К несчастью, у Кенни практически отсутствует чувство пространственной ориентации, и через минуту она уже не может сообразить, где находится.
Она видит лифт и идет к нему. Начинает нажимать на кнопки, предположив, что одна из них доставит ее к отделению неотложной хирургии. Увы. Она минует педиатрическое отделение, онкологическое…
И потом останавливается на этаже, где находится родильное отделение.
Она выходит из лифта. Слышит слабый писклявый плач младенцев и машинально хватается за живот. Он плоский, и у нее сжимается горло. Ей хочется одного – сесть и свернуться клубочком, прячась в себя, пряча в себе своего ребенка, которого в ней больше нет.
В одиннадцатом классе, в тот день, когда был устроен осенний бал, влажность достигала ста процентов.

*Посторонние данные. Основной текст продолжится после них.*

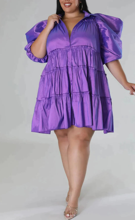 Puff Shoulder Babydoll Dress (Curvy)
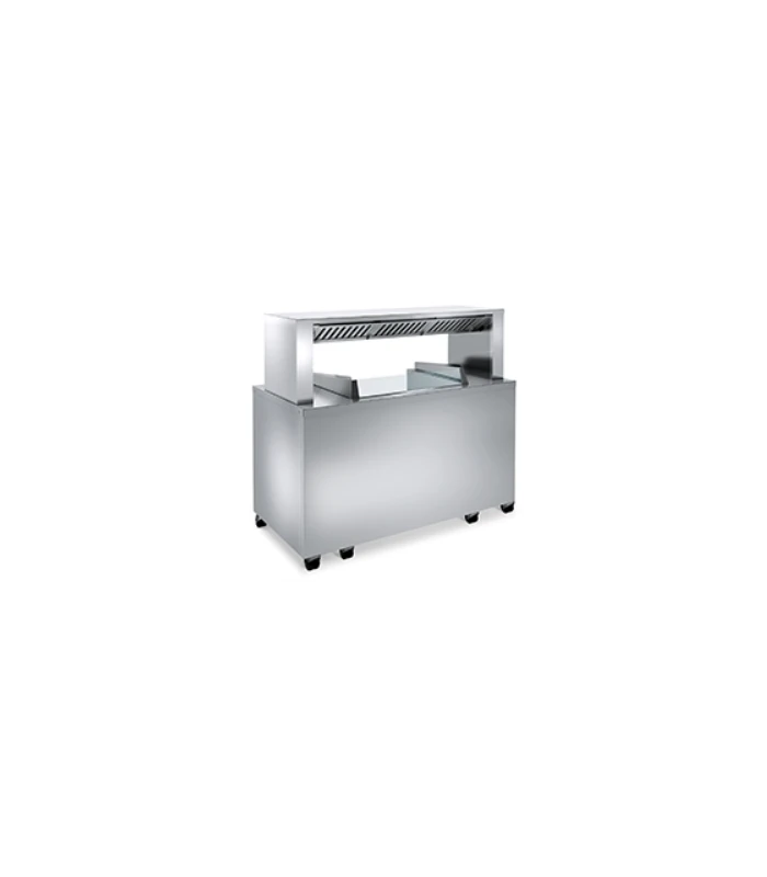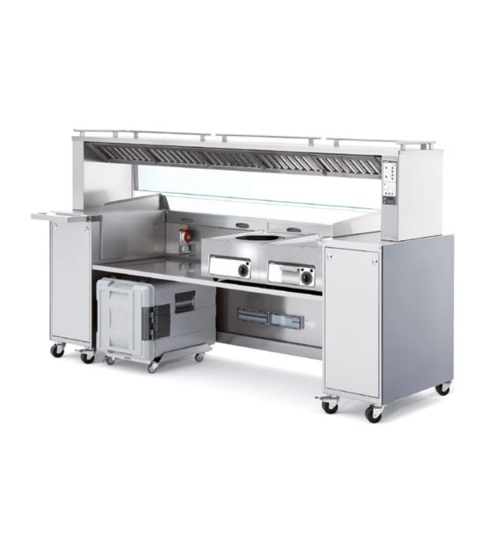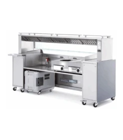 Cette station de cuisine mobile permet de pratiquer la cuisine de spectacle dans des endroits clos notament grĂące Ă sa hotte aspirante. ModĂšles disponibles de la vitrine roulante prĂȘte Ă cuisiner : 2, 3 ou 4 appareils de cuisson. IdĂ©al pour les professionnels de la restauration. De fabrication allemande.Â
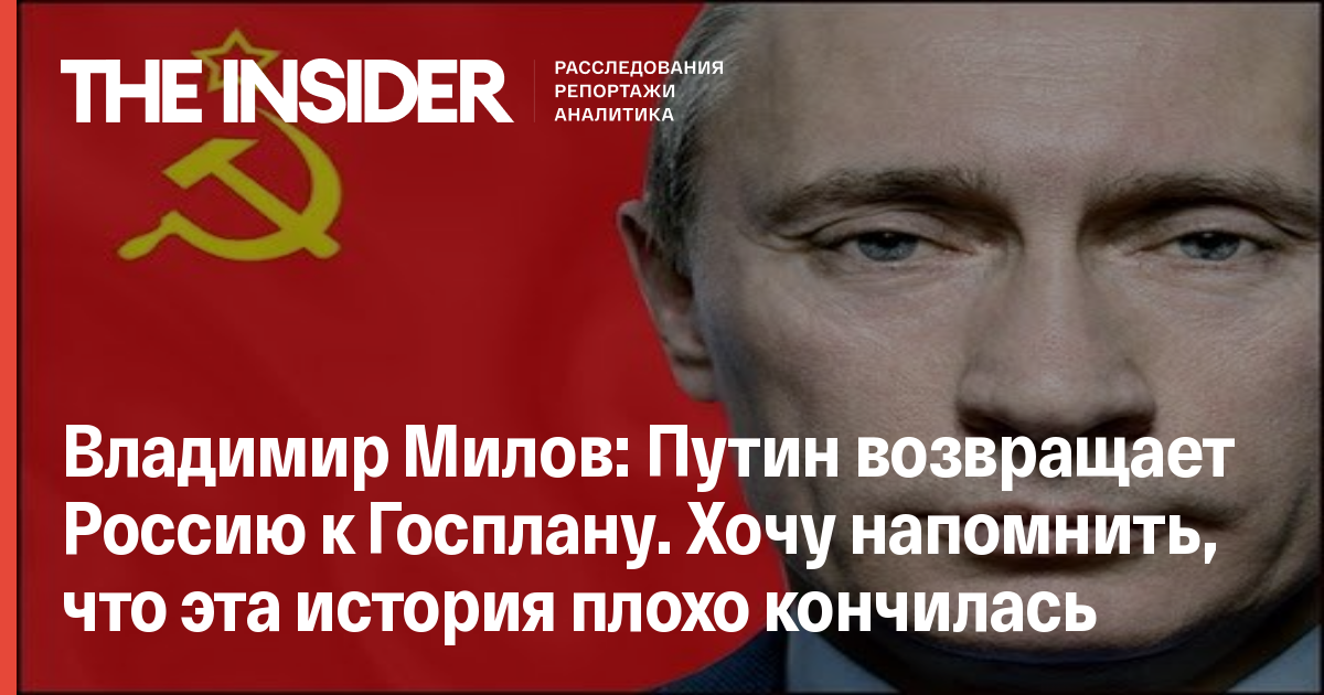 Владимир Милов: Путин возвращает Россию к Госплану. Хочу напомнить, что эта история плохо кончилась
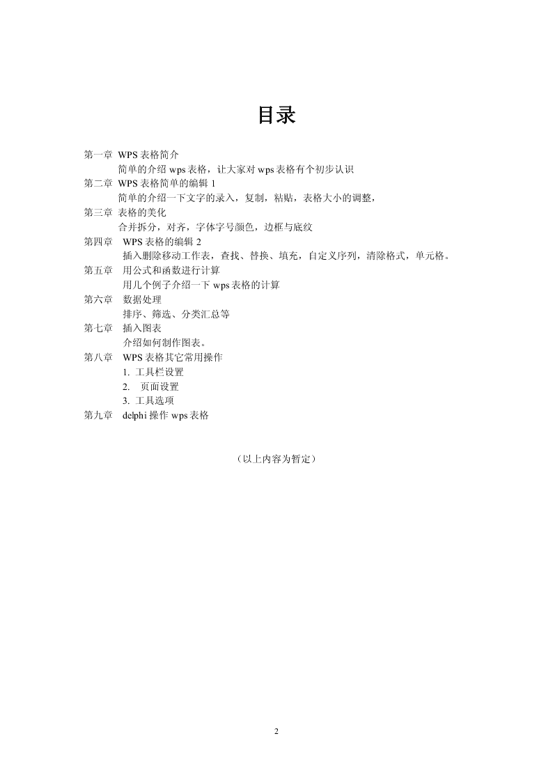 WPS表格初级教程目录第一章WPS表格简介简单的介绍wps表格,让大家对wps表格有个初步认识第二章WPS表格简单的编辑1简单的介绍一下文字的录入,复制,粘贴,表格大小的调整,第三章表格的美化合并拆分,对齐,字体字号颜色,边框与底纹第四章WPS表格的编辑2插入删除移动工作表,查找、替换、填充,自定义序列,清除格式,单元格。第五章用公式和函数进行计算用几个例子介绍一下wps表格的计算第六章数据处理排序、筛选、分类汇总等第七章插入图表介绍如何制作图表。第八章WPS表格其它常用操作1.工具栏设置2.页面设置3.

Лиз даже не пыталась завить волосы. Джулия помогла ей поднять их наверх и уложить в прическу; Кенни орудовала утюжком и лаком для волос. Нарядившись и приведя себя в порядок, они пошли на пляж фотографироваться.
Явился Джейк. Он был пьян, и на фотографиях это было заметно. Лиз сказала ему, чтоб он не садился за руль; он сказал, чтобы она расслабилась, потом – чтобы отвалила, и она к тому времени уже была настолько зла на него, что решила: пусть едет.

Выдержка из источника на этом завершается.